US open to talks with Iran on Islamic State: Kerry
As more than two dozen nations pledged to help Iraq fight the Islamic State militants, the United States said it was open to talking to Iran about a role in resolving the crisis, despite Washington's earlier opposition to Tehran even attending the conference.
Paris: As more than two dozen nations pledged to help Iraq fight the Islamic State militants, the United States said it was open to talking to Iran about a role in resolving the crisis, despite Washington's earlier opposition to Tehran even attending the conference.
US Secretary of State John Kerry ruled out any military coordination with Iran, which in the end was not invited to Paris.
"That doesn't mean that we are opposed to the idea of communicating to find out if they will come on board, or under what circumstances, or whether there is the possibility of a change," Kerry yesterday told a small group of reporters.
France and Iraq see Shiite-powerhouse Iran as an interlocutor who could bring its influence to bear in the region against the Sunni extremists of the Islamic State group, but some Arab states, like Saudi Arabia, disagree.
The US opposed a place for Iran at the conference. But Tehran, which has political and military influence with its neighbor Iraq, still managed to be part of the conversation.
The absence of Iran underscored the conflicting sensitivities and complex politics in the region as Western countries seek to battle the Islamic State group, which has taken control of large parts of Iraq and Syria.
The meeting of foreign ministers from Asia, the Middle East and the West was a first step toward deciding who does what in a multilayered offensive against the Islamic State group.
As envisioned by France and Iraq, the effort would include intensifying airstrikes, cutting off financing, and helping Baghdad cope through humanitarian aid and reconstruction.
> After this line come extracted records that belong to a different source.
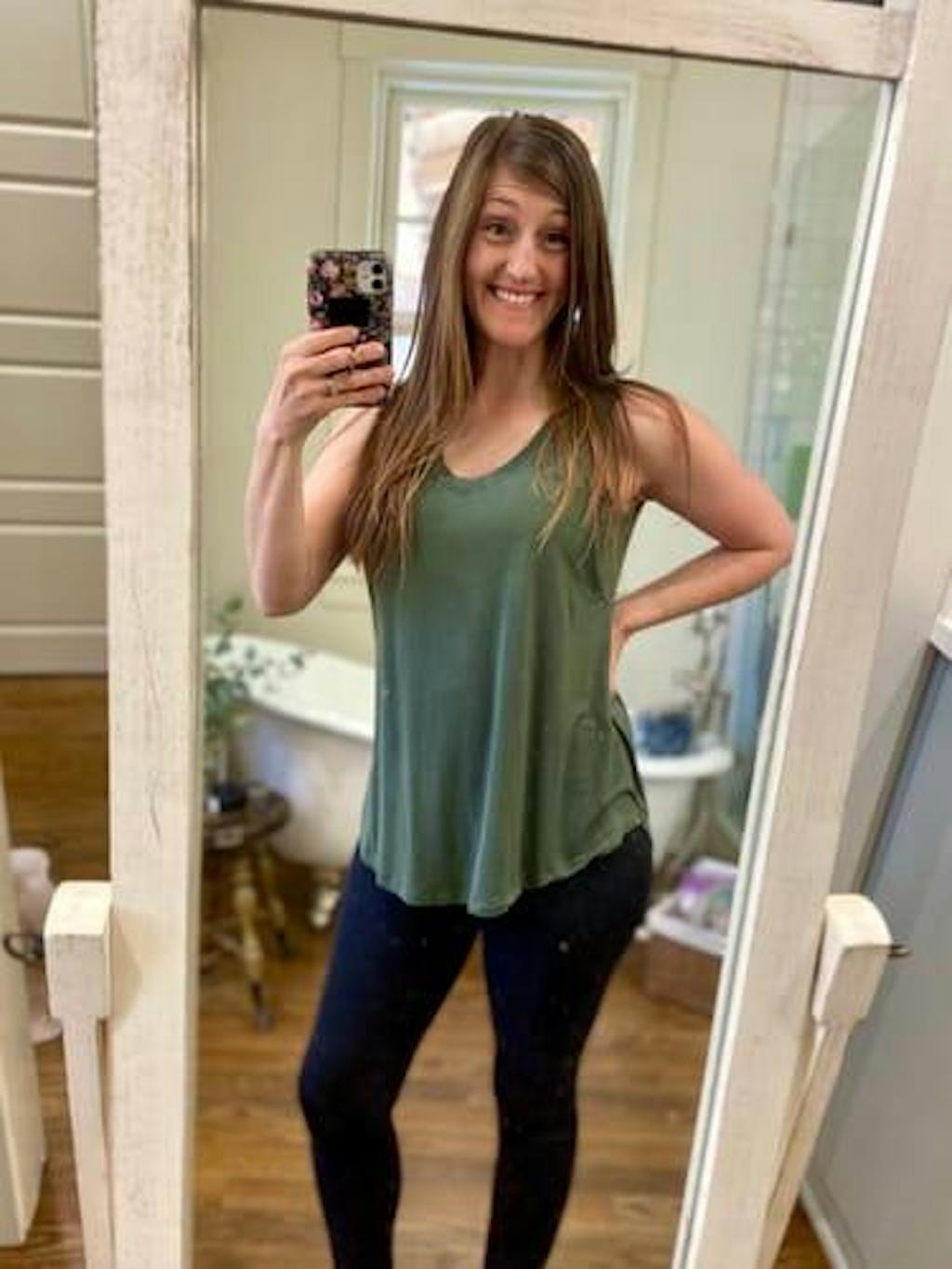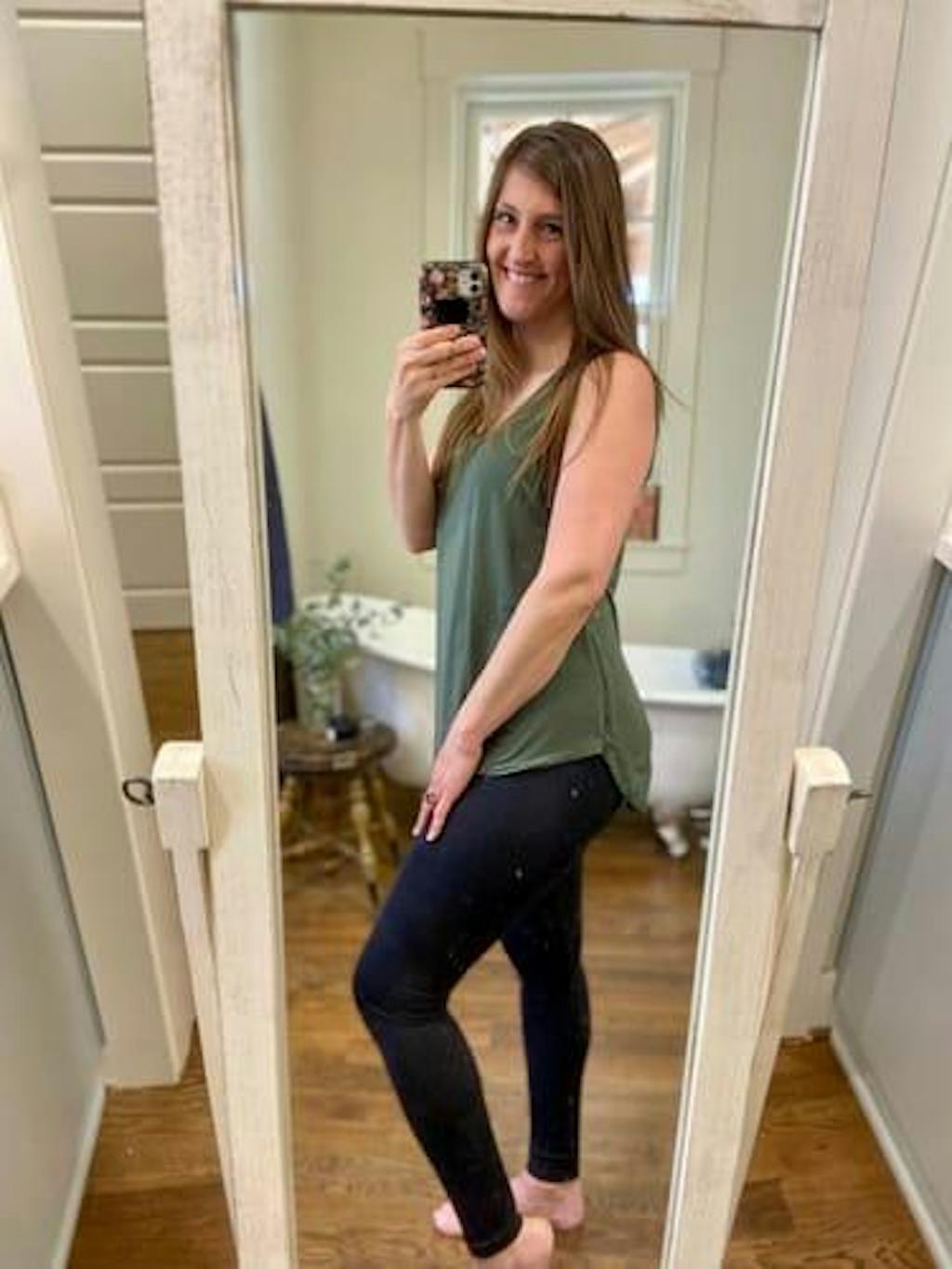 AMAZING top! The fit is so flattering while still carrying extra baby weight, the color is my favorite green, and the breastfeeding access is tastefully hidden! Plus the back is longer for modesty’s sake. I love it so much I want to order it in black too! Such a great design!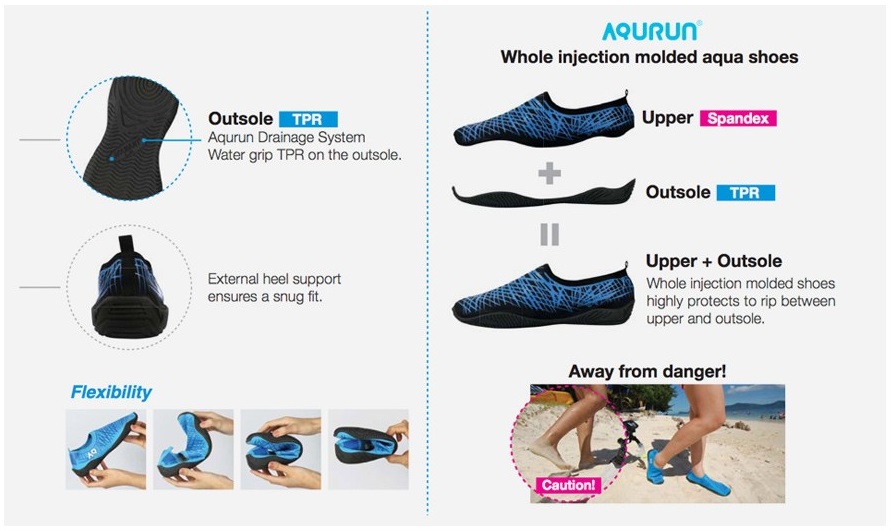 The spandex texture has good drainage and is well ventilated. Protects your feet from the gritty sand and prickly stones and corals.
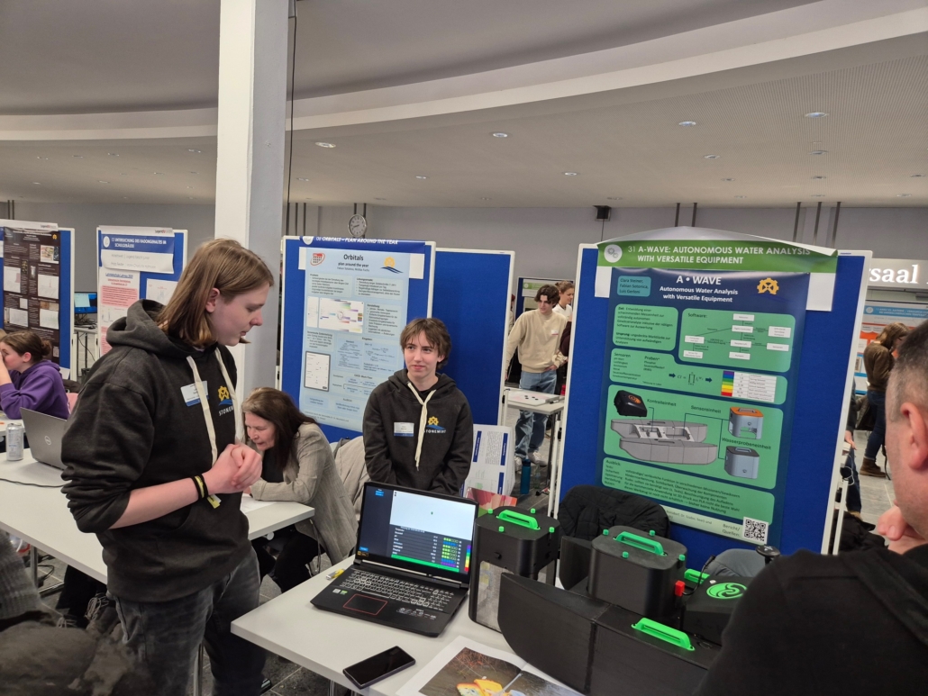 Einen dritten Preis, verbunden mit dem Sonderpreis „Make Jahresabonnement“, errangen Fabian Sotonica, Luis Gerloni und Clara Steiner für Optimierungsmaßnahmen zum professionellen Einsatz ihres entwickelten Low cost-Bootes zur halbautomatischen Bestimmung der Gewässergüteklasse. Im Fokus lagen dabei einzelne Funktionen und die autonome Wegepunkt-Verfolgung, um eine komplett selbständige Probenentnahme und nachfolgende Analysen durchzuführen.
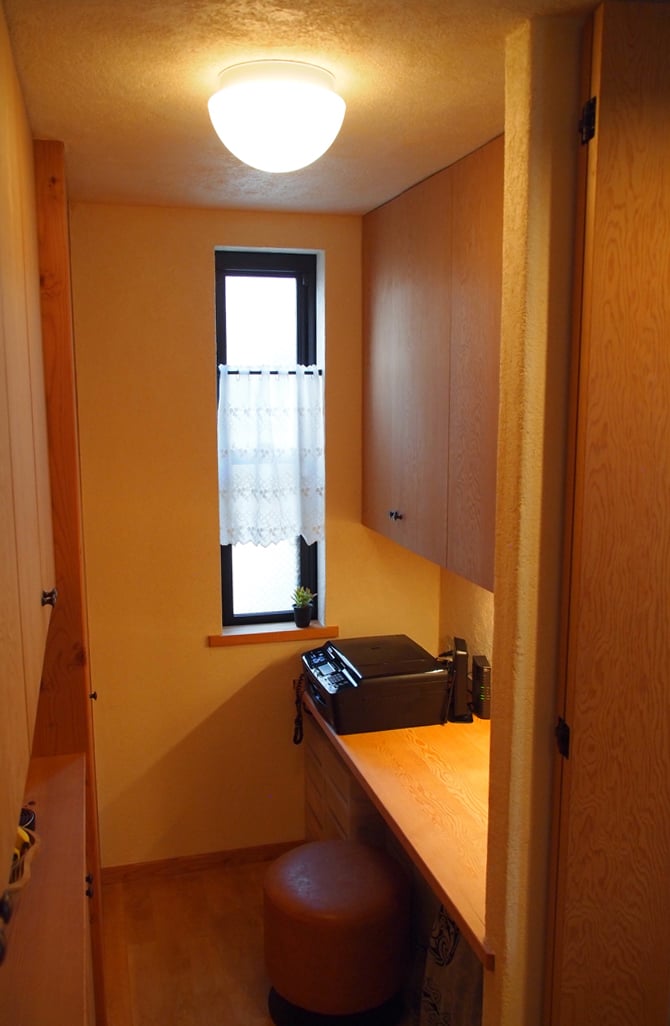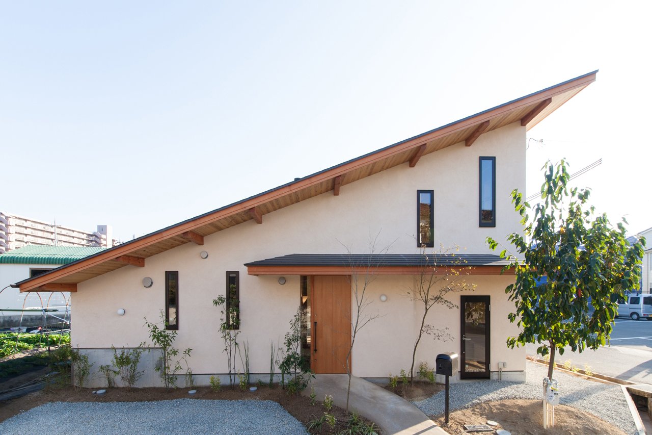 リビングの大きな窓から植栽と隣地の果物畑の眺めを取り込み、街中にありながら自然を身近に感じる事ができます。限られた面積の中で、ロフトスペースを利用することで収納と三人の子供さんの個室を確保しています。

There would be no combat troops on the ground, however.
As the conference began, two French jets took off over Iraq in France's first reconnaissance missions over the country in a sign of the larger battle ahead.
Later the United States, which has led airstrikes over Iraq since August, took the first step in the planned expanded fight by launching airstrikes, going to the aid of Iraqi security forces south of Baghdad who were being attacked by enemy fighters.